Ingegneria robotica: una segnalazione per la media Focherini

Ingegneria robotica: una segnalazione per la media Focherini

Sono ormai una vera e propria squadra di ingegneri, i ragazzi della scuola media Focherini: domenica 28 gennaio il team carpigiano ha infatti partecipato alla fase regionale della First Lego League, la competizione mondiale di robotica e scienza rivolta ai ragazzi dai 9 ai 16 anni per la realizzazione di robot autonomi, svoltasi negli stabilimenti della Kohler Engines di Reggio Emilia. La gara ha coinvolto quaranta ragazzi di Seconda e Terza media, frequentanti il laboratorio pomeridiano di robotica organizzato dalla scuola, che si sono messi alla prova insieme ai colleghi di tutta la Regione.

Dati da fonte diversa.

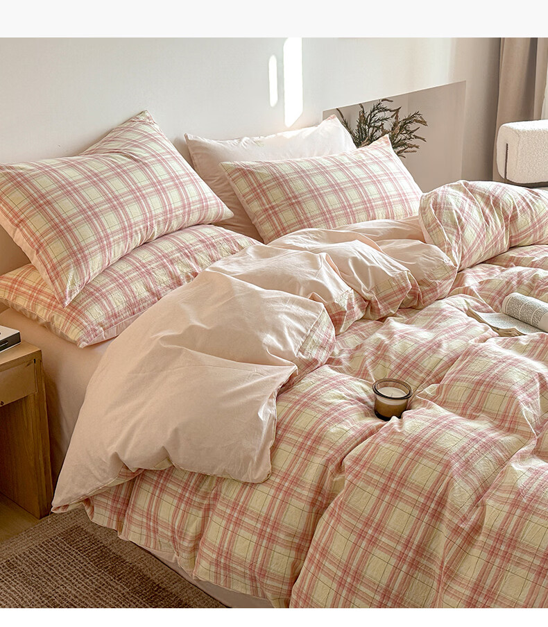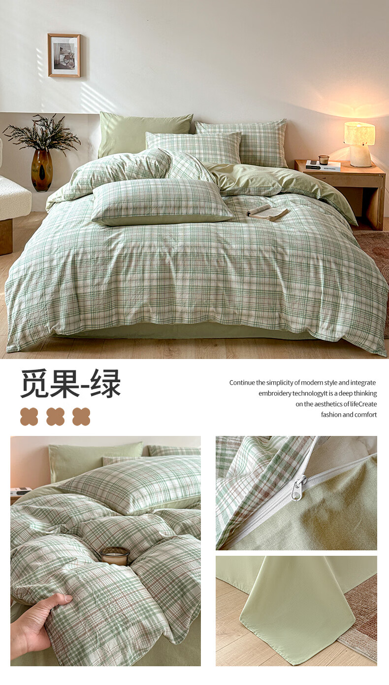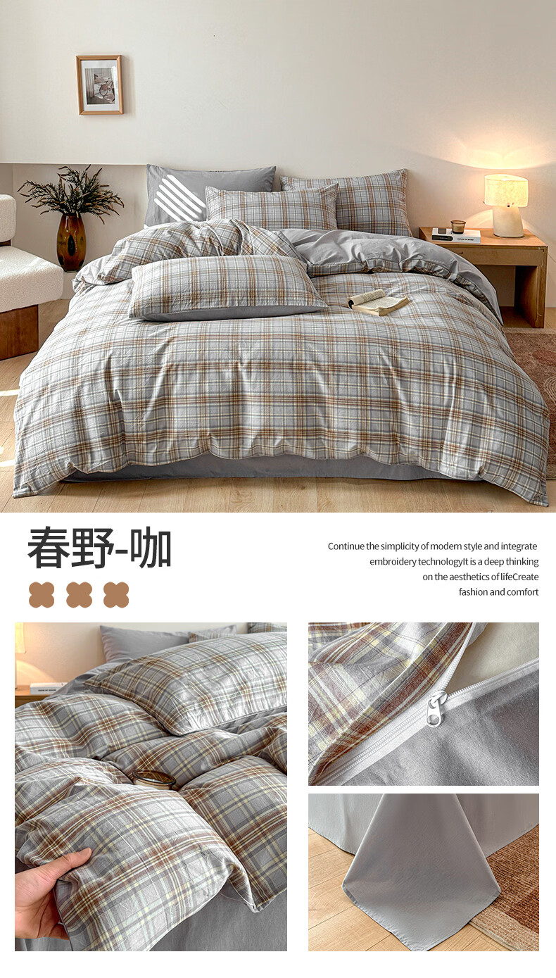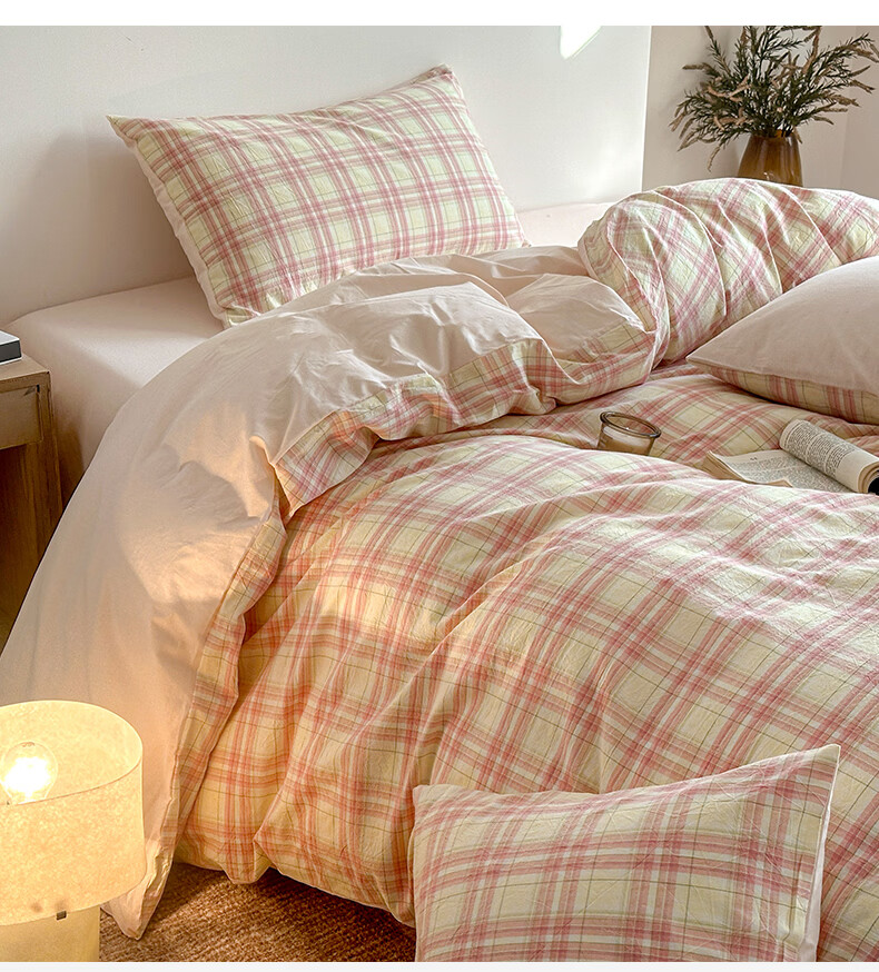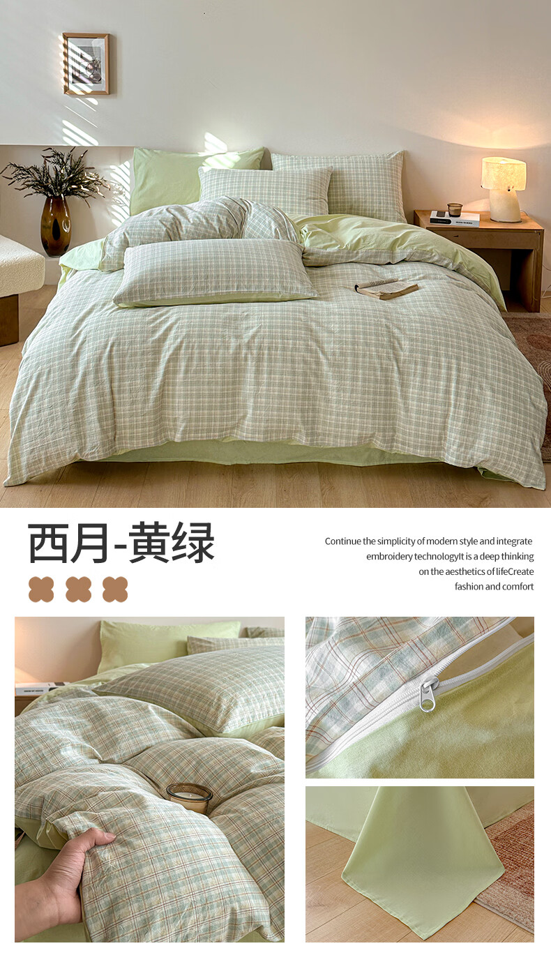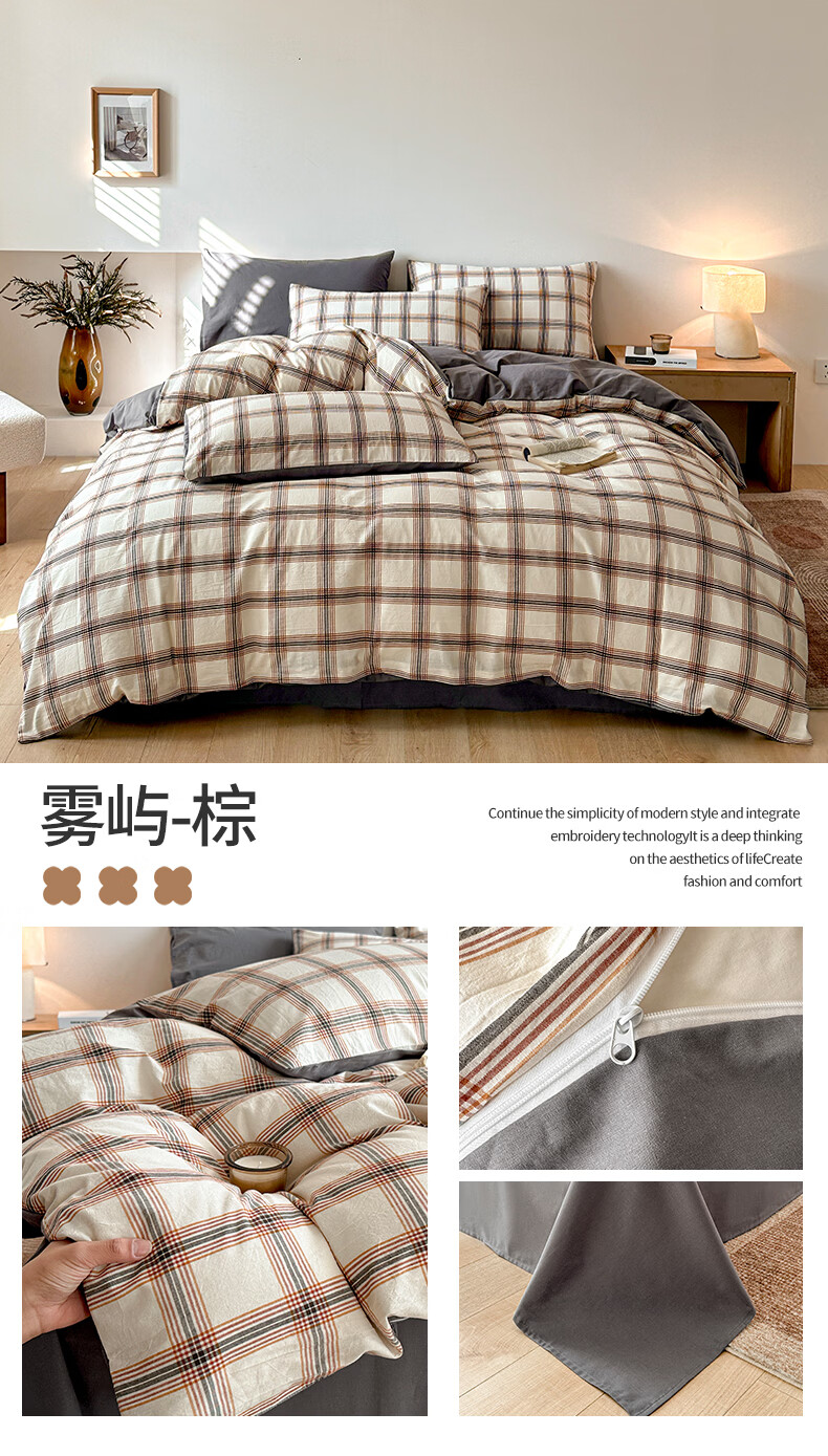 无印良品A类全棉纯棉四件套床上用品2026新款色织水洗棉被套家用床单3件套 云缦-粉紫【A类100%全棉面料 】 1.8m 床单款 四件套-被套200x230cm

Tema di quest’anno era l’idrodinamica e la squadra carpigiana ha dimostrato ferrate competenze tecniche, affiatamento e attenzione ai problemi del territorio. I ragazzi della Focherini hanno, infatti, inventato un robot in grado di riparare le fratture presenti nelle tubature dell’acquedotto con un minimo sforzo: l’apparecchio, ideato con il conforto di Aimag, comandato a distanza tramite una specifica app, si muove all’interno delle tubature, individua le fratture e le ripara dall’interno attraverso l’impiego di bracci meccanici, in modo da scongiurare interventi esterni ben più invasivi e preservare una preziosissima risorsa, l’acqua.

 

A essere valutato non era solo il progetto in sé, ma tutti i suoi aspetti tecnici, a partire dalla coerenza al tema, dalla cura della documentazione tecnica, dalla progettazione di soluzioni alternative, passando per la funzionalità e la fattibilità fino allo spirito di squadra, la coesione, l’inclusione e la scoperta.

 

Pur non avendo passato il turno alla First Lego League (il livello di difficoltà, infatti, era piuttosto alto), il progetto della Focherini ha suscitato l’interesse del Ministero che lo ha selezionato per un eventuale finanziamento: «È stata una bellissima soddisfazione, soprattutto per i ragazzi – spiega Valeria Dondi, professoressa coordinatrice del progetto insieme al collega Ignazio Genovese –. Credo siano state apprezzate l’originalità del progetto, la sua completezza, ma soprattutto il forte legame con il territorio. Siamo partiti da una problematica reale e abbiamo progettato una soluzione innovativa ma anche praticabile. A maggio andremo a Roma per la premiazione e sapremo se saremo tra i progetti che verranno finanziati. In tal caso, il nostro robot potrebbe diventare realtà».

Al di là della premiazione però, che costituisce certamente uno stimolo per tutta la squadra, il valore aggiunto del progetto è la forte coesione e la passione dei ragazzi verso la robotica: «Per ora sono una quarantina gli alunni coinvolti nel progetto, ma ne abbiamo già altret tanti di Prima che dal prossimo ottobre entreranno a far parte del team – spiega ancora Dondi –. Durante il laboratorio, che si svolge a cadenza settimanale nelle ore pomeridiane, i ragazzi si autogestiscono, si suddividono i compiti e li portano a termine con entusiasmo. E alla gara ognuno di loro aveva un ruolo preciso, erano tutti protagonisti. Non a caso – conclude – nelle votazioni riguardanti le dinamiche di squadra, abbiamo sempre ottenuto valutazioni piuttosto alte. Ne siamo molto orgogliosi».